Вскоре показалась луна, огромная и прекрасная, и осветила площадь Спасителя62. Как у Галчинского: «А ночь и луна – это лунная ночь»63. Мы шли и шли сквозь эту ночь, по лунным улицам, меж притаившихся домов, в которых были тысячи и тысячи людей, а сами дома – слепые и омертвелые. С угла Аллей видна была пустынная перспектива Нового Свята, в лунной магме проступали человеческие фигуры, непохожие на человеческие. Луна поднималась по небу за Вислой, над городом ползла украдкой тишина. Какое облегчение, что по ночам пока не было налетов и этих сирен.
Несколько минут мы с Вацеком отдыхали, опершись о перила моста Понятовского. Под огромной луной – темная притаившаяся Висла. Я долго не увижу ее, до конца декабря, да и то как снежную насыпь. В декабре того года ударили сильные морозы.
Около одиннадцати вечера мы с Боровым добрались до Восточного вокзала – прямиком в кошмарный хаос. Первое зловонное дыхание войны: переход под перронами забит человеческой массой, какими-то беженцами откуда-то, солдатами, узелками, детьми, скарбом. Все вповалку, сбитое в одну человеческую глыбу. Детский плач, вопли, темнота и неразбериха. Неразбериха на перронах, и здесь плотная масса людей, чемоданов, сундуков, детей. Абсолютная невозможность получить информацию у кого бы то ни было, где стоит этот поезд министра информации, где и какие поезда до Львова? Единственное освещение перронов – лунное. «А ночь и луна – это лунная ночь»…

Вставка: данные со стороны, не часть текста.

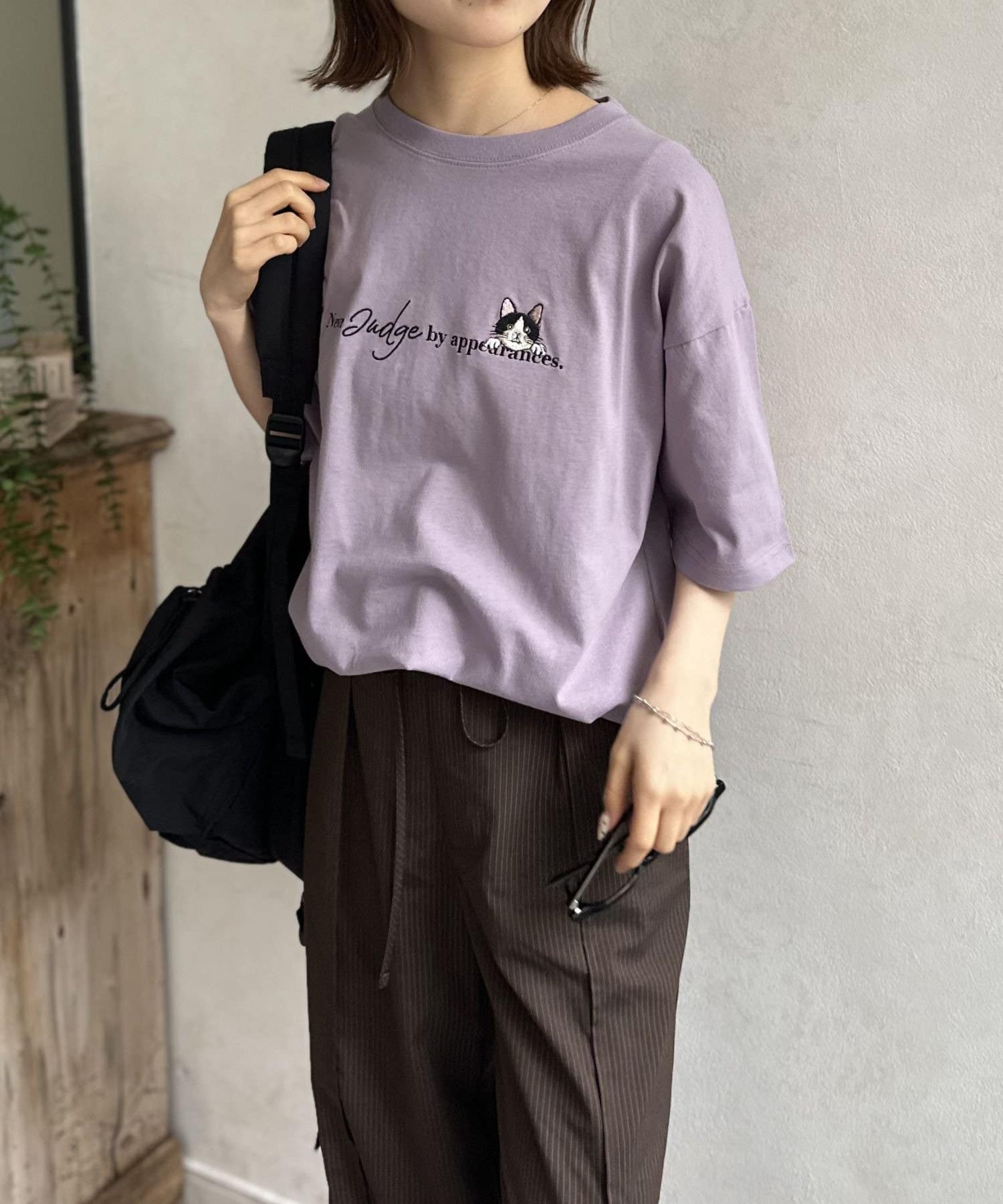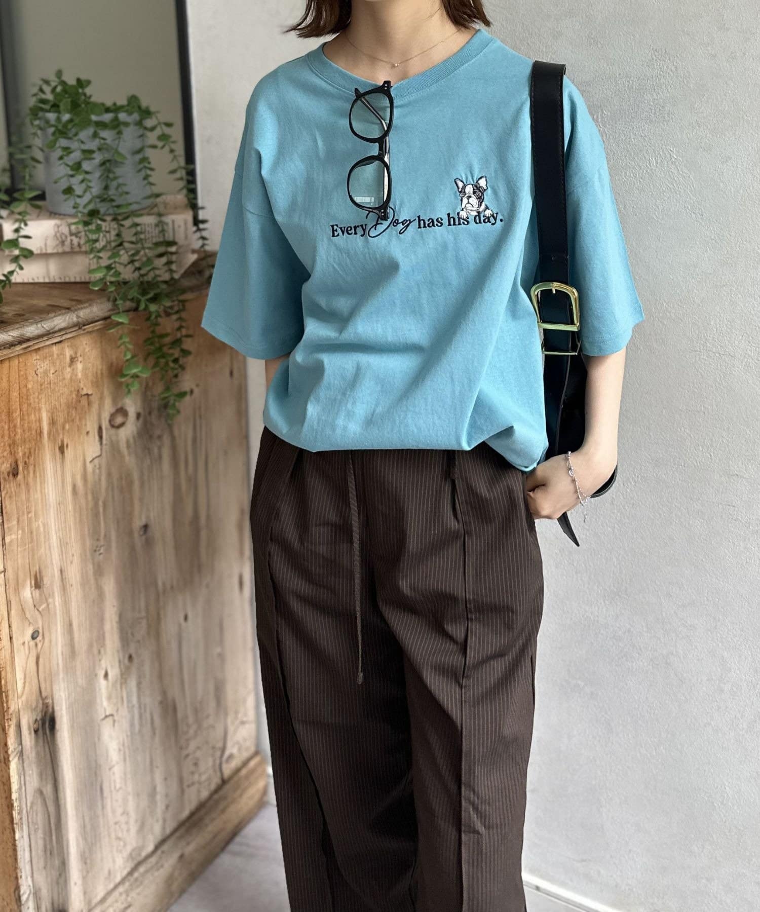 TOP > LOCUST > レディース > トップス > Tシャツ/カットソー > 【ユニセックス】【接触冷感】DOG&CAT 刺繍T

Мы с Боровым кролем продирались через эту неразбериху. Вскоре начали встречаться знакомые лица: Зингер из «Нашего Пшеглёнда», Вандель из «Утреннего», несколько из «Последних ведомостей», наш Казек Грыжевский, Намиткевич. Еще кое-кто. Мы определили местом сбора один из газетных киосков на перроне. Кто-то из нас пошел к поездному диспетчеру, вернулся с известием, что диспетчер сам абсолютно ничего не знает, но да, поезд Министерства информации есть. Должен отправиться во Львов в ноль часов, но с Гданьского вокзала. Не с Восточного, а с Гданьского, это наверняка! Некоторые журналисты здесь уже были и давно поехали на Гданьский…

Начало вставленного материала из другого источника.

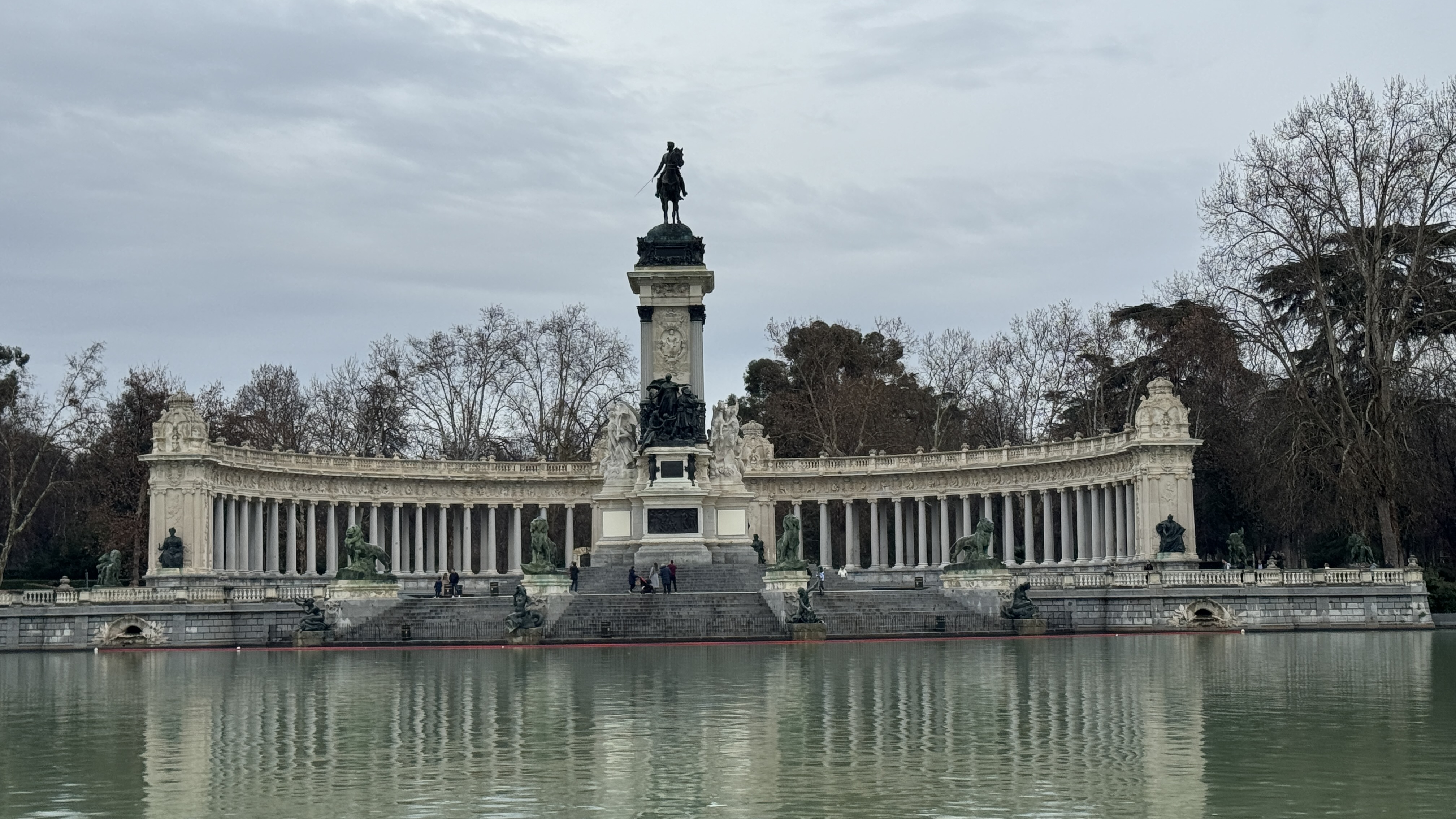 Terminada la comida, como en ese momento no llovía, decidimos caminar a través de los Jardines del Retiro en dirección a Cibeles, puesto que había conseguido reservar, por internet, entradas para los cuatro al museo de la fundación Mapfre para las 18,45 h. De camino hacia allí, al llegar a Cibeles intentamos también conseguir entradas para la exposición de Monet en el edificio del ayuntamiento, pero ya no nos daba tiempo y optamos por esperar la hora de nuestras entradas a la exposición de Marc Chagall tomando un refresco en el Café Gijón, ubicado a pocos metros de la fundación. Para esa hora ya había comenzado a llover de nuevo.

Нельзя было терять времени. Мы двинулись (нас накопилось уже несколько человек из «Дома прессы») на Гданьский вокзал, полушагом, полубегом: скоро двенадцать. В нас еще теплилась вера в пунктуальность поездов, в скрупулезность часов. Полушагом, полубегом, полу-бегом. Короткий перекур и – полубегом, полубегом, полубегом. Можно было бы повернуть домой, на Одолянскую. Кое-кто из нас слишком поздно сообразил, что надо было плюнуть на весь этот Львов и все это министерство и повернуть домой. Скоро пойдут дневные трамваи, с восточной стороны небо начинает сереть. На трамвае домой.